Event Grid message delivery and retry

Event Grid provides durable delivery. It tries to deliver each message at least once for each matching subscription immediately. If a subscriber's endpoint doesn't acknowledge receipt of an event or if there is a failure, Event Grid retries delivery based on a fixed retry schedule and retry policy. By default, the Event Grid module delivers one event at a time to the subscriber. The payload is however an array with a single event.

Note

Event Grid doesn't guarantee order for event delivery, so subscribers may receive them out of order.

Retry schedule

When EventGrid receives an error for an event delivery attempt, EventGrid decides whether it should retry the delivery, dead-letter the event, or drop the event based on the type of the error.

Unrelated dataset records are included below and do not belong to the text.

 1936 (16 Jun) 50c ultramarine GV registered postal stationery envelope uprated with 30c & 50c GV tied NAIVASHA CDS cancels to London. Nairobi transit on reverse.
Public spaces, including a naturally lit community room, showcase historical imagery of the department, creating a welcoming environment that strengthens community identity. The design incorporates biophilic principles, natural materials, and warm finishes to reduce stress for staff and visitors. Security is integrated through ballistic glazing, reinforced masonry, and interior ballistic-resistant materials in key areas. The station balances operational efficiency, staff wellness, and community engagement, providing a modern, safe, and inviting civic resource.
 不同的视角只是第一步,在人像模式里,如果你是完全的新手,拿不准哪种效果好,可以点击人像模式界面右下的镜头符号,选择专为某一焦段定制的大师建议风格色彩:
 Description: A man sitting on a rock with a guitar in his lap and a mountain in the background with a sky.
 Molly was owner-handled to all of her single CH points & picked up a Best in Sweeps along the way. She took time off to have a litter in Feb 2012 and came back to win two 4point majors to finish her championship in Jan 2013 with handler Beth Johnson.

If the error returned by the subscribed endpoint is a configuration-related error that can't be fixed with retries (for example, if the endpoint is deleted), EventGrid will either perform dead-lettering on the event or drop the event if dead-letter isn't configured.

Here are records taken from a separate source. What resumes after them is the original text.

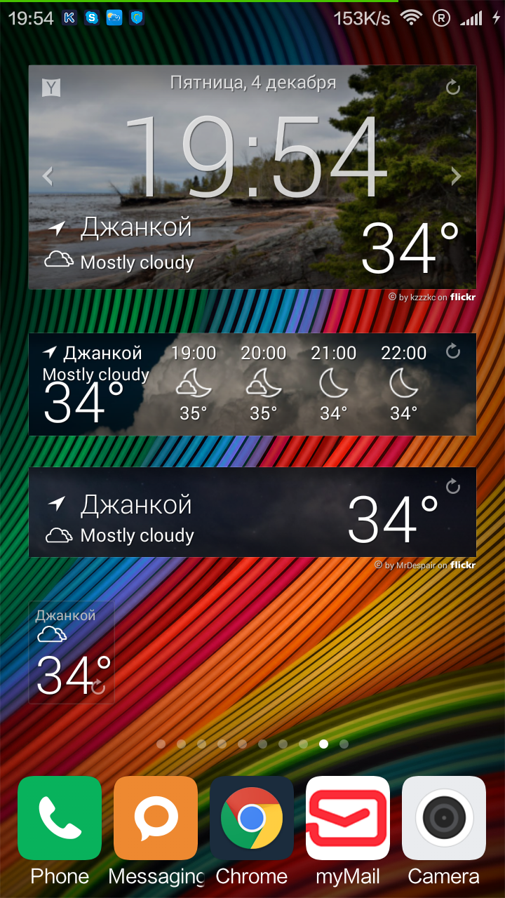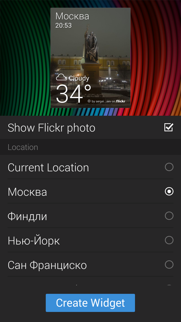 Еще в GO Weather EX есть поддержка виджетов, коих два вида по три размера каждый (2 x 1, 4 x 1, 4 x 2). Количество оформлений просто не счесть, так как поддерживаются темы сторонних разработчиков.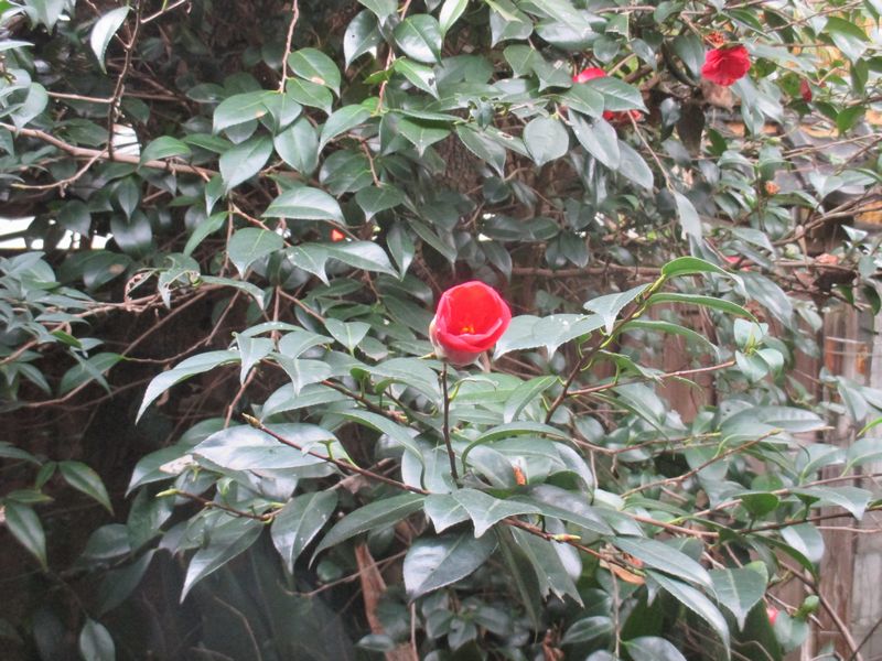 中庭に、この寒さの中、鮮やかな赤い花が咲いた。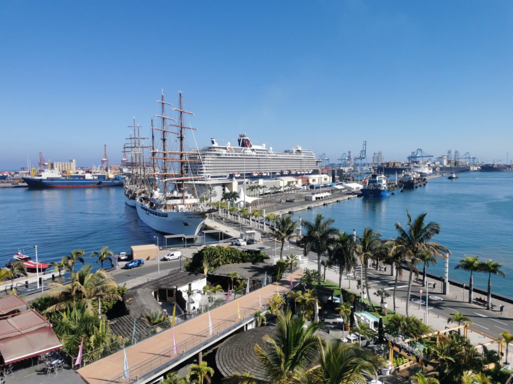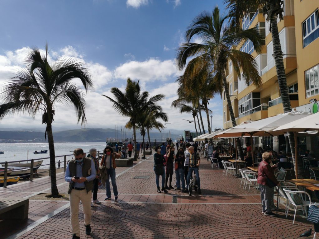 Wir beginnen den nächsten Tag mit einer ausgiebigen Erkundungstour und halten die Augen dabei nach Internet-Cafés und Bibliotheken offen. Den Surferstrand Playa de Las Canteras und die „lebhafte“ Strandpromenade wollen wir von nun an meiden – zu laut und touristisch. Wir passieren die zahlreichen kleinen Seitenstraßen und genießen das öffentliche Leben, auf das wir in den vergangenen Wochen in Deutschland weitestgehend verzichtet haben. Insbesondere die vielen kleinen Außen-Cafés (€1,20 für Cortado & Cappuccino) und Tapas-Läden vermitteln den Eindruck von Normalität. Wir verdrücken das ein oder andere bocadillo und beobachten das rege Treiben, das sich gänzlich von der „normalen“ Hauptreisezeit zu unterscheiden scheint. Auf der Suche nach einem geeigneten, mobilen Arbeitsplatz erreichen wir das Einkaufszentrum „El Muelle“ im Stadtteil La Isleta. Hier finden wir alles was wir brauchen: überdachte Außencafés, schnelles Internet und der Blick auf den Hafen Puerto De La Luz. Trotz touristischer Einschränkungen beschatten wir einige AIDA-Kreuzfahrt-Passagiere beim Einschiffen.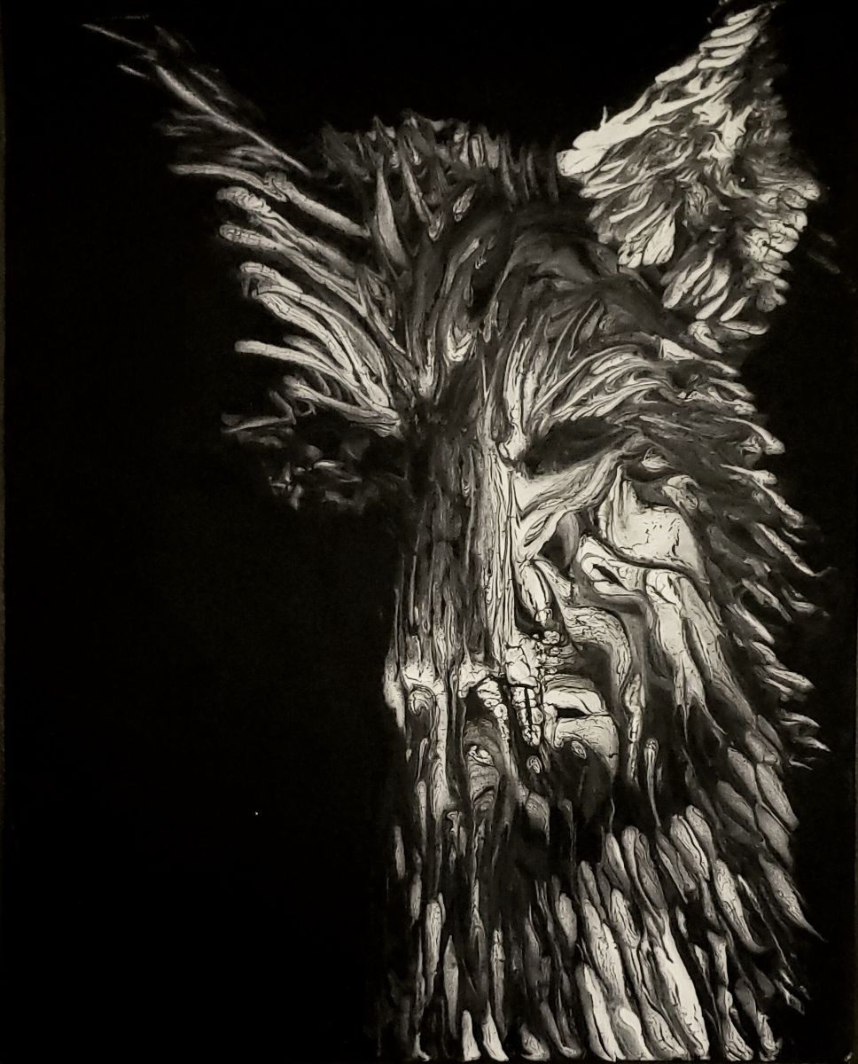 Using the swiping technique to create an animal takes my paintings to another dimension with the layers of movement going on in the background.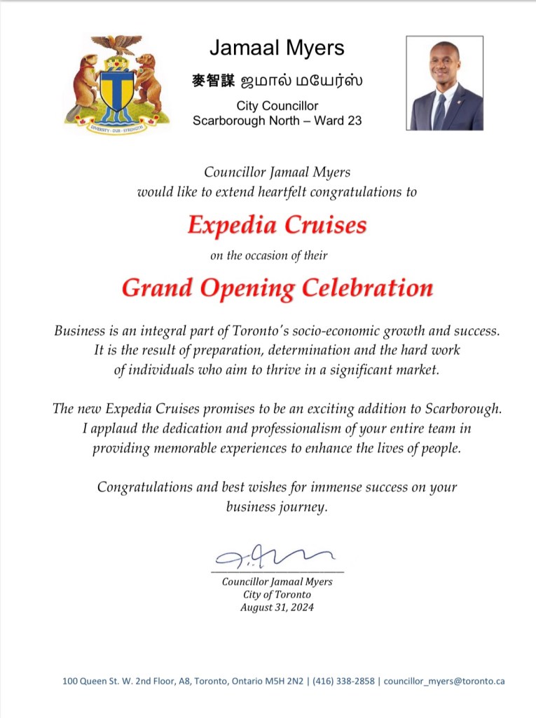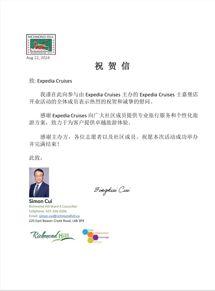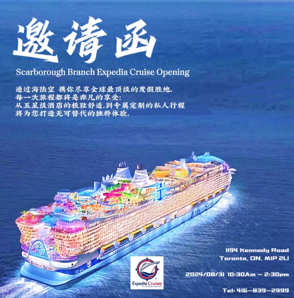 2024/08/31 Expedia Cruise 旅游公司,多伦多士嘉堡分公司隆重开业,这是第一间,也是Expedia Cruise公司内迄 今为止唯一的有中文服务的一间分公司。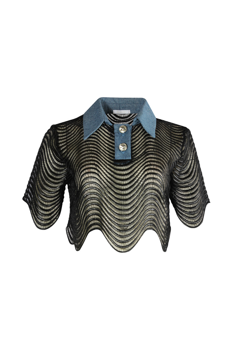 O modelo apresenta uma estrutura em rede preta ondulada, que cria um efeito visual moderno e sensual, deixando a pele subtilmente à mostra. A gola em denim azul acrescenta contraste e originalidade, trazendo um toque urbano e contemporâneo à peça. O corte cropped torna-o ideal para coordenados de impacto, perfeitos para dia e noite.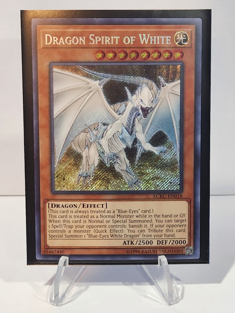 The Yu-Gi-Oh! Dragon Spirit of White card is a highly sought-after collectible in the Yu-Gi-Oh! TCG. This Secret Rare card from the Legendary Collection Kaiba Mega Pack set, manufactured in 2018 by Konami, features a Japanese card size and is made of quality card stock. With a beautiful foil finish and in English language, this card is a valuable addition to any player or collector's deck. The card's unique design and rarity make it a desirable piece for fans of the game.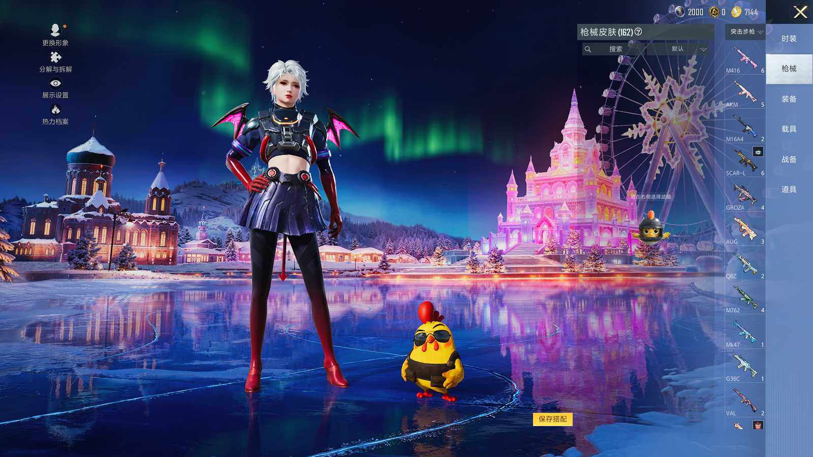 M416-电玩时刻,GROZA-镜光银凌,AUG-暖羊咩咩,M762-青锋波束,UMP45-量子极限,Kar98K-巳巳如意

The following table describes the types of endpoints and errors for which retry doesn't happen:

Endpoint Type Error codes
Azure Resources 400 Bad Request, 413 Request Entity Too Large, 403 Forbidden
Webhook 400 Bad Request, 413 Request Entity Too Large, 403 Forbidden, 404 Not Found, 401 Unauthorized

Note

If Dead-Letter isn't configured for an endpoint, events will be dropped when the above errors happen. Consider configuring Dead-Letter if you don't want these kinds of events to be dropped.

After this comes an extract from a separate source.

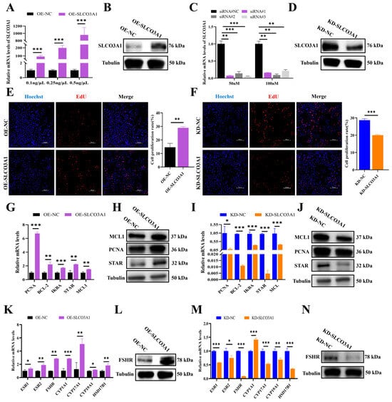 To investigate the impact of SLCO3A1 on the proliferation of GCs, empty plasmids (named OE-NC), overexpression plasmids of SLCO3A1 (named OE-SLCO3A1), small interfering RNA (siRNA) of NC (named KD-NC) and siRNAs of SLCO3A1 (named KD-SLCO3A1) were transfected into COV434 cells. The mRNA and protein levels of SLCO3A1 were significantly upregulated by OE-SLCO3A1 treatment compared to OE-NC (Figure 1A,B), and 0.5 ng/μL of OE-SLCO3A1 was chosen for subsequent experiments. We found that the mRNA and protein levels of SLCO3A1 were significantly reduced by KD-SLCO3A1 (siRNA#1, siRNA#2, siRNA#3) treatment compared to KD-NC (Figure 1C,D) in the GCs. And we used 50 nM of siRNA#3 for subsequent experiments. The 5-Ethynyl-2′-deoxyuridine (EdU) results showed that the proliferation rate of GCs was significantly increased by OE-SLCO3A1 treatment compared to OE-NC (Figure 1E), but it was significantly decreased by KD-SLCO3A1 treatment compared to KD-NC (Figure 1F). The mRNA and protein levels of proliferation-related genes (e.g., MCL1, PCNA, and STAR) were increased by OE-SLCO3A1 treatment compared to OE-NC. (Figure 1G,H). Meanwhile, the mRNA and protein levels of MCL1, PCNA, and STAR were decreased by KD-SLCO3A1 treatment compared to KD-NC (Figure 1I,J). Moreover, the mRNA and protein levels of FSHR were significantly increased by OE-SLCO3A1 treatment compared to OE-NC (Figure 1K,L), while the opposite result was found by KD-SLCO3A1 treatment (Figure 1M,N). These results suggested that SLCO3A1 promoted the proliferation of GCs.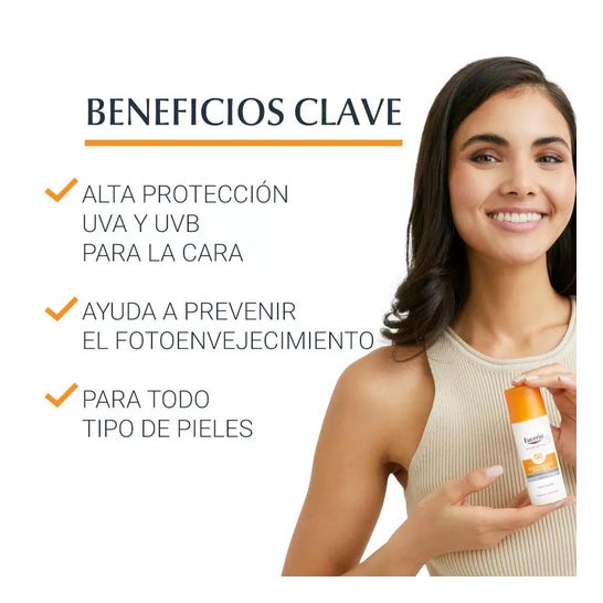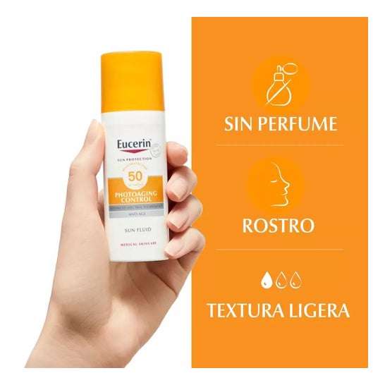 Eucerin Sun Fluid Photoaging Control SPF50+ 50ml es un protector solar facial que ayuda a prevenir el fotoenvejecimiento y reduce visiblemente las arrugas.

If the error returned by the subscribed endpoint isn't among the above list, EventGrid performs the retry using policies described below:

Event Grid waits 30 seconds for a response after delivering a message. After 30 seconds, if the endpoint hasn’t responded, the message is queued for retry. Event Grid uses an exponential backoff retry policy for event delivery. Event Grid retries delivery on the following schedule on a best effort basis:

  • 10 seconds
  • 30 seconds
  • 1 minute
  • 5 minutes
  • 10 minutes
  • 30 minutes
  • 1 hour
  • 3 hours
  • 6 hours
  • Every 12 hours up to 24 hours

If the endpoint responds within 3 minutes, Event Grid will attempt to remove the event from the retry queue on a best effort basis but duplicates may still be received.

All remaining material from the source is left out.